You are prepared for the real world. I don’t even remember how to calculate a confidence interval and my AP Stats exam was last week, but what I will remember is how to actively engage others and prepare for the world unknown of tomorrow. It is ever so important that young people participate and engage in our institutions. Help solve problems and have your voice heard. A quote from my hero, Janusz Korczak, is “The first, indisputable right of a child is to articulate his own thoughts and take an active role in our discussions and verdicts about him…[When all this] there will be fewer riddles and mistakes.” We are the future…and the future is bright.

I will admit I am scared of the world of tomorrow, but what gives me hope, what sometimes makes me a little less afraid, is the thought that young adults like yourselves are preparing to meet the world and its people with confidence, intelligence, and empathy. Parents and faculty, thank you for dedicating your lives to enriching your children’s and students’ lives. You have made a difference by gifting us the most precious thing in life that no one can take away from you. Speaking on behalf of our class, thank you, thank you, thank you for sacrificing part of yourselves for us.
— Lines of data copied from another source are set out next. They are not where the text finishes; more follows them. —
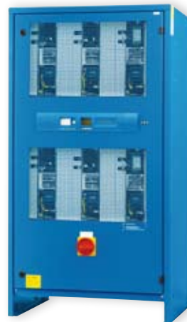
Industrial Battery Charger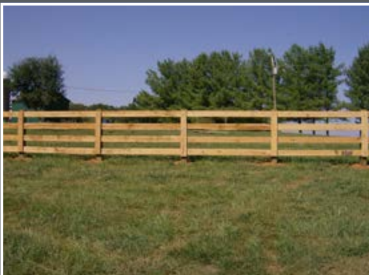
4-Board Paddock Fence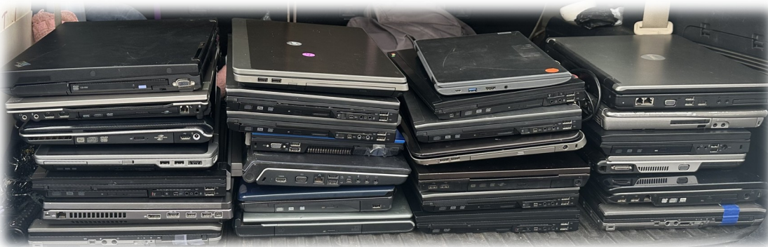
Above: laptops donated from Computer Ministry

When Connection Ubuntu began this work it was quite challenging. We started with donations from the public, donations because the individual had upgraded their computer and were looking for a home for the old device, whether it worked or not. Fast forward to now, having Computer Ministry as our partner has been such a game-changer. These photos show just how much equipment we continually receive from them, whether it's laptops, desktops, or peripherals, they are so very generous in supporting our work. We surely could not do what we do without the kind hearts of the volunteers at Computer Ministry. We have been blessed beyond measure and we are so thankful. We know our African partners are also thankful and grateful. Because of these donations from Computer Ministry and Connection Ubuntu, so many students' futures have been changed together... TOGETHER WE CHANGE LIVES!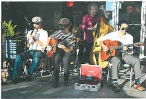
Hedgehog Swing provided retro tunes.

Lastly, to the students, it has been a privilege to have walked these halls with you, and I thank you for everything. And, to what you have heard me say tens, even hundreds of times, and quite possibly the last time until we meet again: Never be afraid to stand up for what is right. You do have the power to change the world. And still today in our time of celebration and recognition, we acknowledge that we are ready to and have a responsibility to face the world and its people with empathy, compassion, and whole-heartedness. Ladies and gentlemen, parents and faculty, and my fellow peers. Thank you and congratulations.